Abstract & commentary
Synopsis: In a retrospective review of treatment of patients with aggressive lymphoma who had relapsed after stem cell transplantation, single-agent rituximab was shown to induce complete or partial responses in close to 50% of patients. This compares favorably to salvage chemotherapy as reported in prior series.
Source: Pan D, et al. Cancer J. 2002;8:371-376.
For patients with large B-cell or mantle-cell lymphoma, survival after relapse from stem cell transplantation is poor. Pan and colleagues at Memorial Sloan-Kettering Cancer Center performed a retrospective analysis to evaluate single-agent rituximab as treatment under such circumstances. Over an approximate 3-year period, 17 patients with aggressive non-Hodgkin’s lymphoma (13 with large B-cell and 4 with mantle cell) were treated with rituximab at 375/m2 weekly for 4 consecutive weeks. Transplantation had occurred a median of 10 months (range, 2-40 months) before relapse and rituximab therapy. The number of prior therapies, including the autologous stem cell transplantation, was 3 (range, 2-6).
Nine of the 17 patients responded (53%) to rituximab, with 4 complete responses and 5 partial responses. The median progression-free survival for all responders was 13 months (range, 6-18 months). Overall, the rituximab was well tolerated, with no patients developing cytopenias requiring transfusion and only 2 patients experiencing mild infusion-related symptoms.
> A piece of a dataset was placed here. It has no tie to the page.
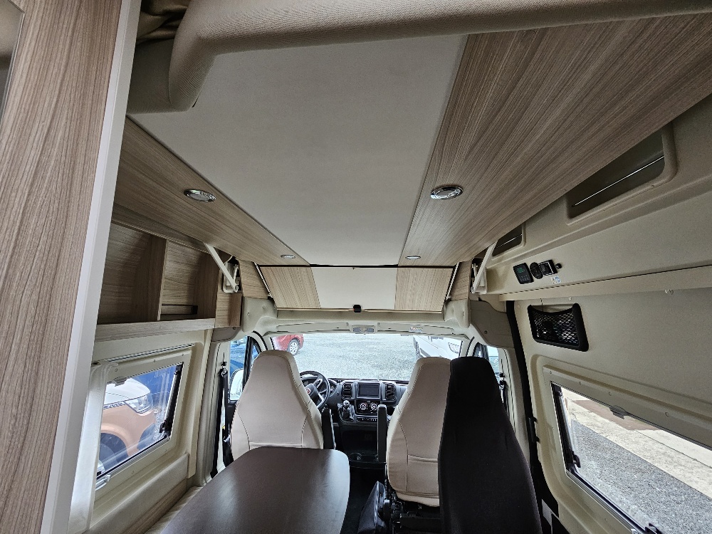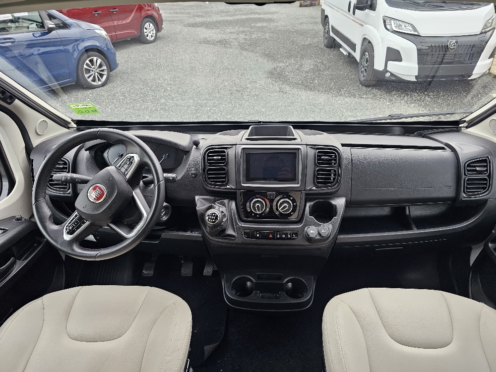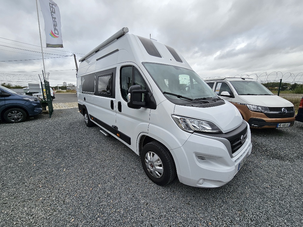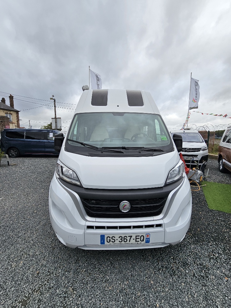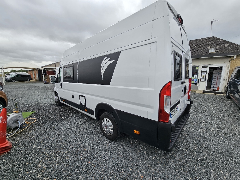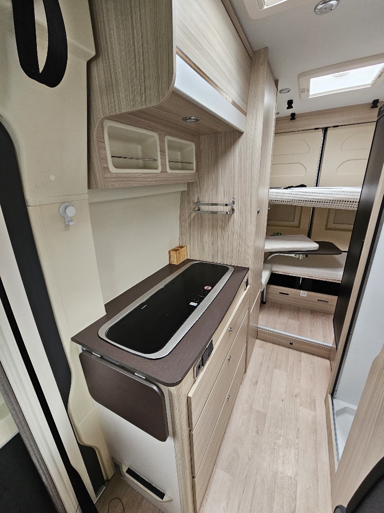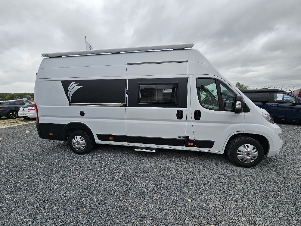 Fourgon aménagé familial comprenant un salon avant panoramique, une salle d’eau avec douche et WC, des lits superposés arrière avec salon enfant, une cuisine avec de nombreux rangements et un lit de pavillon 2 places. 5 places couchage et 5 places carte grise.

Comment by William B. Ershler, MD
This retrospective review included patients treated from 1997 through early 2000. The findings are interesting and certainly support the impression that most oncologists already hold, which is that rituximab is active not only in follicular, well-differentiated lymphoma (for which it currently holds an FDA-approved indication), but as treatment for large-cell lymphoma as well. In fact, rituximab added to cyclophosphamide, doxorubicin, vincristine, and prednisone (CHOP) was shown to be superior to CHOP alone when used as first-line therapy for elderly patients with aggressive non Hodgkin’s lymphoma (NHL).1 In patients with mantle-cell lymphoma, rituximab plus Hyper-CVAD resulted in a 2-year failure-free survival of 72%, results that may be comparable to stem cell transplantation.2 Thus, currently, few patients will reach a point of relapse from stem cell transplantation without prior experience with rituximab.
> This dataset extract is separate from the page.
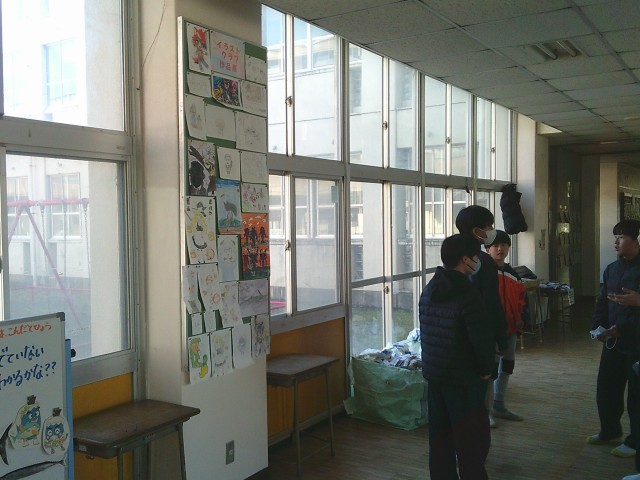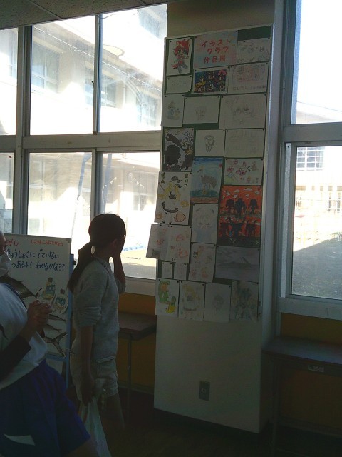 児童玄関付近中央廊下にイラストクラブの作品が展示されています。みんなで作品を見入っていました。

Nonetheless, the demonstration of single-agent activity of rituximab in chemotherapy-refractory, aggressive lymphoma is of importance. Future investigation might find that schedules that include rituximab following transplant may have fewer or delayed recurrence. Furthermore, there are now radiolabeled anti-CD-20 antibodies, which have yet to be of demonstrable benefit in the treatment of aggressive lymphoma,3 and it would seem likely that these agents will also be of value in aggressive lymphoma, as adjuncts to chemotherapy or in remission maintenance.
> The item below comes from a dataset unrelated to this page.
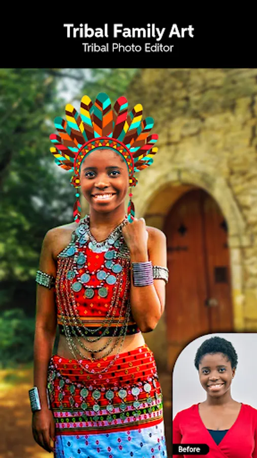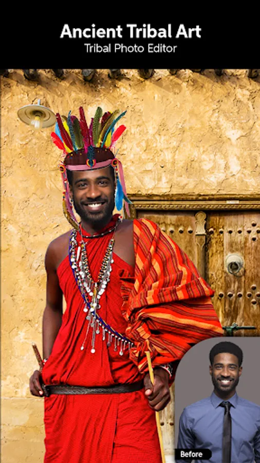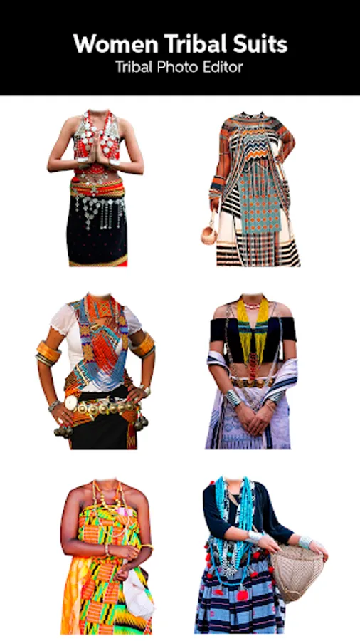 Tribal Photo Editor app which has the tribal suits that captures culture and lifestyle of these tribals through the lenses, in its original form for both men and women. Add the tribal wallpapers and backgrounds along with face color, skin tone effects, tribal stickers to bring back the ancient look to your photos.

Dr. Ershler is Editor of Clinical Oncology Alert, INOVA Fairfax Hospital Cancer Center in Fairfax, VA and Director of the Institute for Advanced Studies in Aging, Washington, DC.
1. Coiffier B, et al. N Engl J Med. 2002;346:235-242.
2. Romaguera J, et al. Blood. [abstract]. 2001;98:1447.
3. Gordon L, et al. Proc Am Soc Clin Oncol. [abstract] 2002;266.